Reputation: 913
I am building a simple example to understand how dask distributed can distribute python scripts on a HPC cluster. The method to distribute is a basic operation, that writes a file on disk. This script works fine when run from command line ($python simple-function.py)
import os
import argparse
import time
def inc(x):
time.sleep(1)
return x + 1
def get_args():
"""
Get args
"""
parser = argparse.ArgumentParser()
parser.add_argument("x", help="Value")
args = parser.parse_args()
x = args.x
return int(x)
if __name__ == "__main__":
x = get_args()
print("{0} + 1 = {1}".format(x, inc(x)))
with open("results.txt", 'w') as file:
file.write(str(x) + '\n')
Now, I have created another python script that will distribute this code. The idea is to use subprocess and client.map or client.submit to launch multiple instances of the above script. The problem I run into is that the output .txt file is not written when using any of the methods below (client.map, client.submit then gather or compute or .result()). Maybe I'm not using the correct method ?
import os
import time
import subprocess
import yaml
import argparse
import dask
from dask.distributed import Client
from dask_jobqueue import PBSCluster
def create_cluster():
cluster = PBSCluster(
cores=4,
memory="20GB",
interface="ib0",
queue="qdev",
processes=4,
nanny=True,
walltime="12:00:00",
shebang="#!/bin/bash",
local_directory="$TMPDIR"
)
cluster.scale(4)
time.sleep(10) # Wait for workers
return cluster
def get_args():
parser = argparse.ArgumentParser()
parser.add_argument("script", help="Script to distribute")
parser.add_argument("nodes", type=int, help="Number of nodes")
args = parser.parse_args()
script = args.script
n_nodes = args.nodes
return script, n_nodes
def close_all(client, cluster):
client.close()
cluster.close()
def methode(script, x):
subprocess.run(["python",
script,
x])
return None
if __name__ == "__main__":
cluster = create_cluster()
client = Client(cluster)
time.sleep(1)
script, n_nodes = get_args() #Get arguments
#With client.submit
futures = []
for n, o in enumerate(range(10)):
futures.append(client.submit(methode, *[script, str(o)], priority=-n))
[f.result() for f in futures]
#Or client.map
L = client.map(methode, *[script, str(range(10))])
client.compute(L)
client.gather(L)
time.sleep(20)
close_all(client, cluster)
On a side note if I execute the following code : dask.compute(methode(args))

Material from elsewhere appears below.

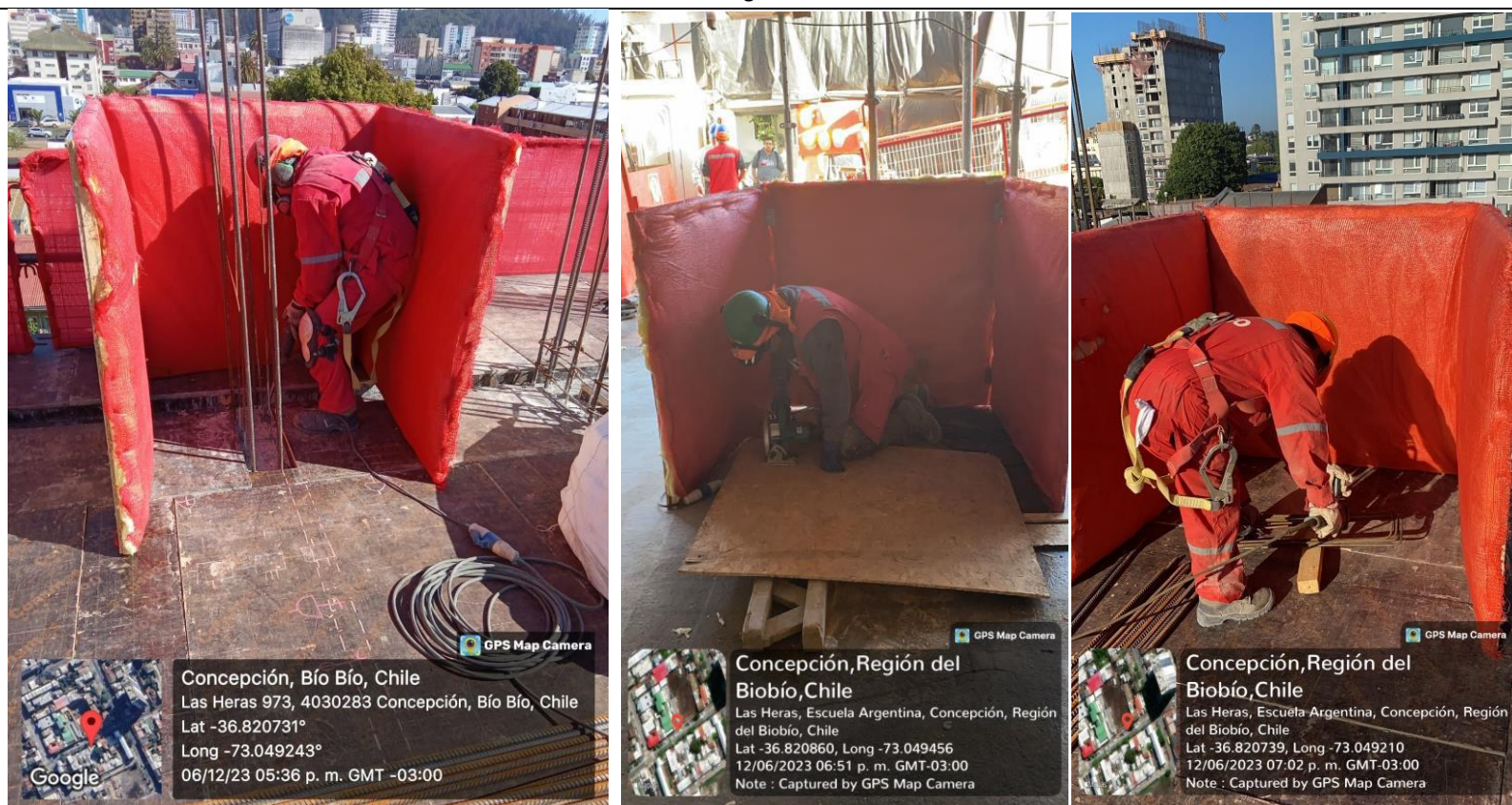
Figura 8. Registro fotográfico con utilización de los biombos acústicos en la obra.

Then, the .txt output file is written.
It seems that only the different client methods are not working
Upvotes: 0
Views: 943
Reputation: 615
So tried what you have with some minor changes and it pretty much worked for me. I took out the HPC stuff because I figured the question was with dask not dask-jobqueue and focused on getting just the futures working. Then I noticed that your simple-function.py clobbers all the results, so I just changed that. The output is results0.txt - results9.txt in my current directory (not the home where the scripts are located).
distribute.py:
import os
import time
import subprocess
import yaml
import argparse
import dask
from dask.distributed import Client
def get_args():
parser = argparse.ArgumentParser()
parser.add_argument("script", help="Script to distribute")
parser.add_argument("nodes", type=int, help="Number of nodes")

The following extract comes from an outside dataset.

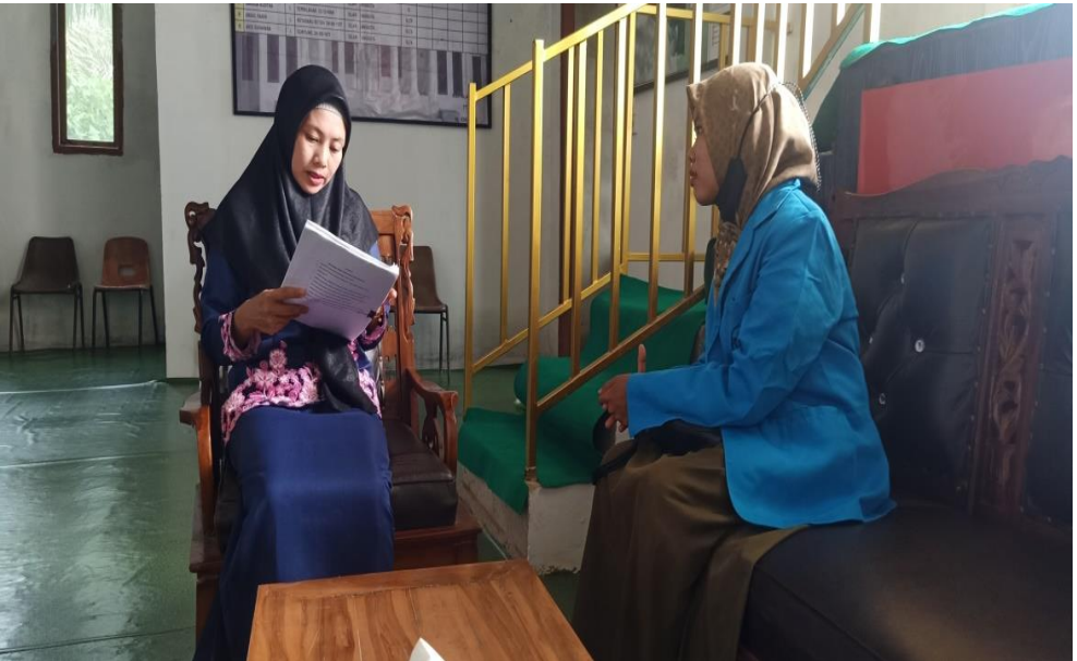
Dokumentasi Setelah Wawancara Dengan Staf Kantor Desa Kuala Keritang

args = parser.parse_args()
script = args.script
n_nodes = args.nodes
return script, n_nodes
def methode(script, x):
subprocess.run(["python",
script,
x])
return None
if __name__ == "__main__":
client = Client()
script, n_nodes = get_args() #Get arguments
futures = []
for n, o in enumerate(range(10)):
futures.append(client.submit(methode, *[script, str(o)], priority=-n))
results = client.gather(futures)
client.close()
simple-function.py:
import os
import argparse
import time
def inc(x):
time.sleep(1)
return x + 1
def get_args():
"""
Get args
"""
parser = argparse.ArgumentParser()
parser.add_argument("x", help="Value")
args = parser.parse_args()
x = args.x
return int(x)
if __name__ == "__main__":
x = get_args()
print("{0} + 1 = {1}".format(x, inc(x)))
with open(f"results{x}.txt", 'w') as file:
file.write(str(x + 1) + '\n')
Edit: Oh I just read your answer, if you execute that code from a jupyter cell it is executed from the directory of the notebook, which is probably your home.
Upvotes: 1
Reputation: 913
I finally found that the path to the script to execute was incorrect.
If the following command is run from the command line :
$python distribute.py simple-function.py 6
Somehow, the path is incorrect and the file is not found.
I have tried to run this into a notebook. If I execute :
methode(*[script, "8"]
The file is written in the current directory. However if I execute this cell :
futures = []
for n, o in enumerate(range(12)):
print(o)
futures.append(client.submit(methode, *[script, str(o)], priority=-n))
wait(futures)
print("Done !")
The result file is not written in the current directory but rather in my home directory.
I am not quite sure yet why this happens but it seems that when using client, something changes in the path ...
Upvotes: 0